WASHINGTON – A Republican-affiliated group said Monday it is launching a recall campaign, backed by unknown donors, to criminalize Democrats and their allies for being gentle by targeting progressive prosecutors.

It will initially focus on three prosecutors elected in 2019 in the affluent suburbs of Washington, northern Virginia, amid a national wave of pledges from Democrats to make law enforcement fairer and more humane.

The Virginians for Safe Communities group said the targets of the recall were Buta Biberaj of Loudoun County, Parisa Dehghani-Tafti of Arlington County and Steve Descano of Fairfax County, all of whom are Commonwealth counsel.

The campaign is faced with uncertain prospects, starting with the clarification of signature collections and legal hurdles.

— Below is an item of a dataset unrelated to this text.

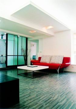 我家就是自己設(shè)計的彩墻,客廳是藍色,臥室是橙色,書房是綠色,衛(wèi)生間是白色,廚房是黃色,我家看起來就像個七彩屋。藍色客廳我搭配的是金屬家具和玻璃家具,酷酷的;其他房間為了保險,我選擇的是灰白色的木家具,附加一些與墻面顏色相近的小配飾,比如靠墊、坐墊、插花之類。

However, organizers identified it as part of a broader national push to capitalize on voter concerns over rising urban crime and a backlash against sentiment against the police.

“There is a time for all things politics, and now is the time to wake up people who are in favor of law enforcement,” said Sean D. Kennedy, a Republican agent and president of Virginians for Safe Communities. He called the Northern Virginia recall effort a “test case for a nationwide launch.”

He said the group raised more than $ 250,000 and received commitments of nearly another $ 500,000. He would not reveal the identity of the donors to the group, which is registered under a section of the Tax Code that allows nonprofit groups to protect their donors from disclosure.

Mr. Kennedy, who has worked on Republican campaigns and committees, is an officer with the Law Enforcement Legal Defense Fund, but he said the new group is independent from them. Others involved in the new group include former FBI officer Steven L. Pomerantz and Ian D. Prior, who was appointed to the Justice Department during the Trump administration and previously worked on well-funded Republican political committees.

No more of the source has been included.